# Address book will not launch..........



## smithmdan (Nov 6, 2001)

I'm new to Macs.

I can not get the address book to launch in Mac Mail. OSx

Help Please. 

Thanks.....


----------



## tedwinder (Sep 7, 2005)

OS X Jaguar, Panther or Tiger?


----------



## smithmdan (Nov 6, 2001)

Jag


----------



## VegasACF (May 27, 2005)

What exact behavior is being exhibited? Does the icon bounce in the dock? Does the application start up and then quit itself? When you click on the link does _nothing_ happen?

More info = better help.


----------



## smithmdan (Nov 6, 2001)

The lady that I'm trying to help was given the Apple laptop my her daughter.

While running the Apple mail program, (which seems to run much better than Outlook Express for Mac... it was given us problems) we are trying to import her contacts from OE to the apple mail Address book.

But I get an error when trying to open address book program (inside mail program).
Error say that ........Address Book can not be launched.

Her daughter already has contacts (address's in the program ) and we need to get rid of these and start a new address book.

What are we doing wrong? thanks


----------



## natcom (Sep 21, 2003)

try trashing this file;

com.apple.mail.plist


Located here;
user/library/preferences

or move it from there reboot the machine and check for the problem


----------



## smithmdan (Nov 6, 2001)

Thanks for the reply,
when I get back to her computer I will try your suggestion and let you know what happens.


----------



## buzzie (Oct 13, 2006)

I am having the same problem. I cannot get address book to open. My icon bounces in the in the app bar, but does nothing else, no error message, nada, zip.
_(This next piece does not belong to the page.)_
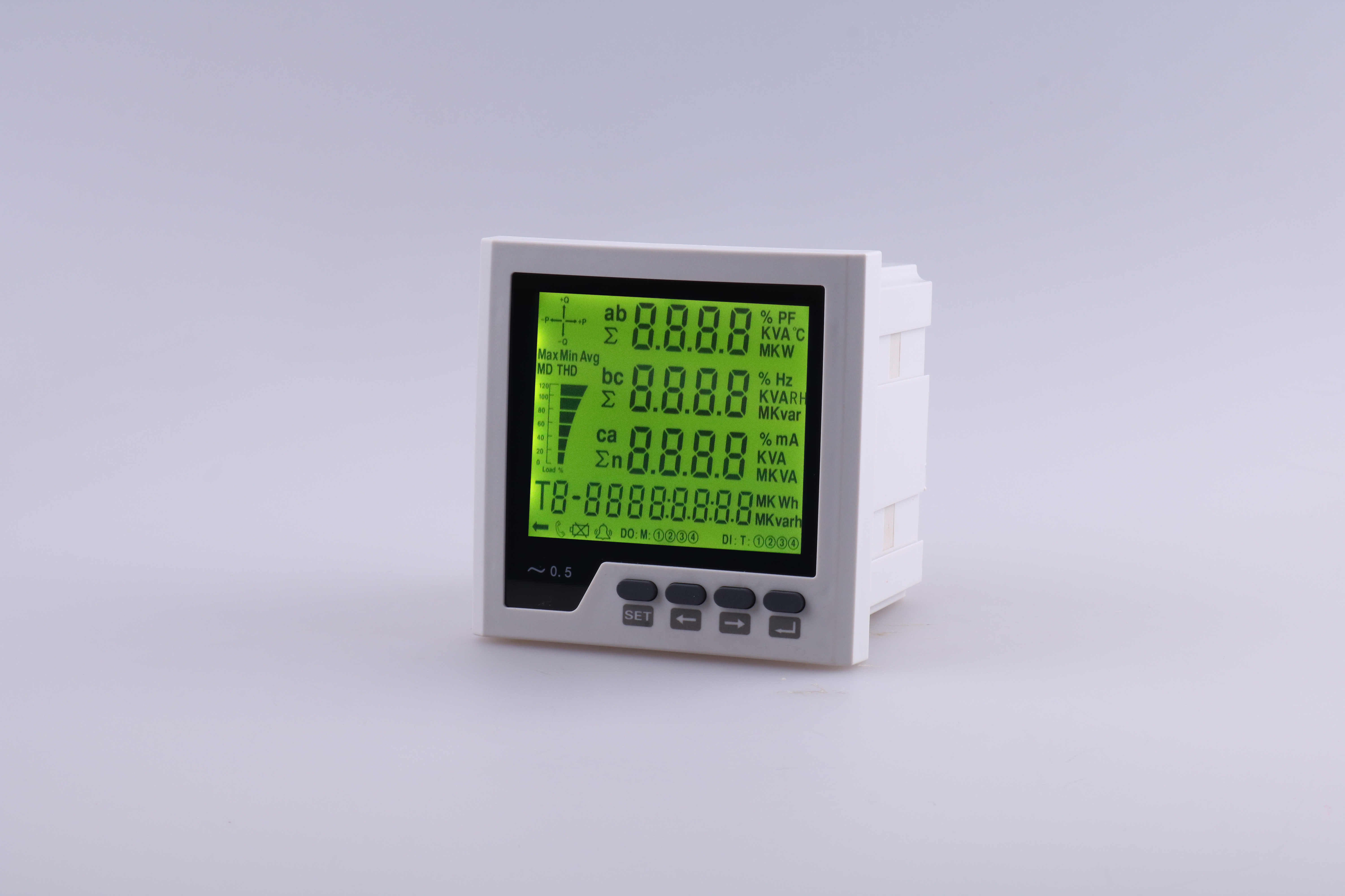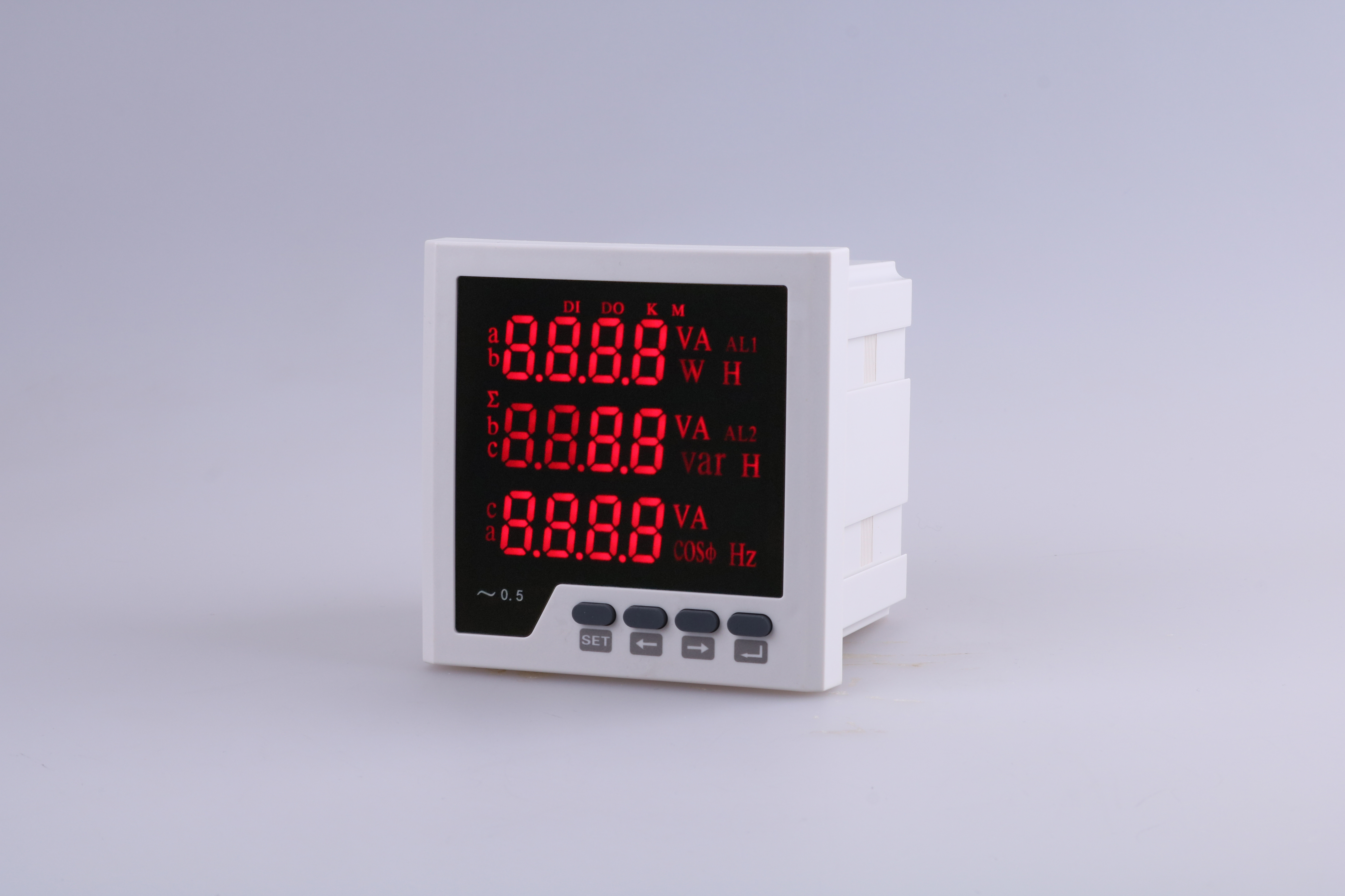 多功能电力仪表是自主研发时一种具有可编程测量、显示、数字通讯和电能脉冲变送输出等多功能智能仪表,能够完成电量测量、电能计量、数据显示、采集及传输,多功能电力仪表广泛应用变电站自动化、配电自动化、智能建筑、企业内部的电能测量、管理、考核。测量精度为0.5级,实现LED现场显示和远程RS-485数字接口通讯,采用通讯协议。
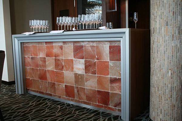國外的飯店業者使用鹽磚吧檯搭配銀色外框,讓進住的旅客可以體驗到天然無污染的鹽礦能量,而吧檯整體上看起來也不失時尚感。

I have tried reinstalling from original Tiger disc and then updating
Killing prefs
I even did your suggestion above and was happy I had not delete the com.apple.mail.plist cause my main accounts were then missing along with their associated mail.

So when you do have more insight or other ideas of what to try, I will be appreciative in hearing from you.


----------



## natcom (Sep 21, 2003)

Hi buzzie if you remove ~/Library/Mail (don't trash it!) and re-set up the account, does it work?

if works, import the mail from the old Mail folder with the Import command

in case you dont know how to import open mail, go to file and import, then select mail, then point to your INBOX from ~/Library/Mail


----------



## buzzie (Oct 13, 2006)

Nat, i tried removing my mail folder and address book would still not open. Is address book directly tied to the funtioning of mail?


----------



## natcom (Sep 21, 2003)

buzzie said:


> Nat, i tried removing my mail folder and address book would still not open. Is address book directly tied to the funtioning of mail?


yeah it is can you open mail from a nother user account ?


----------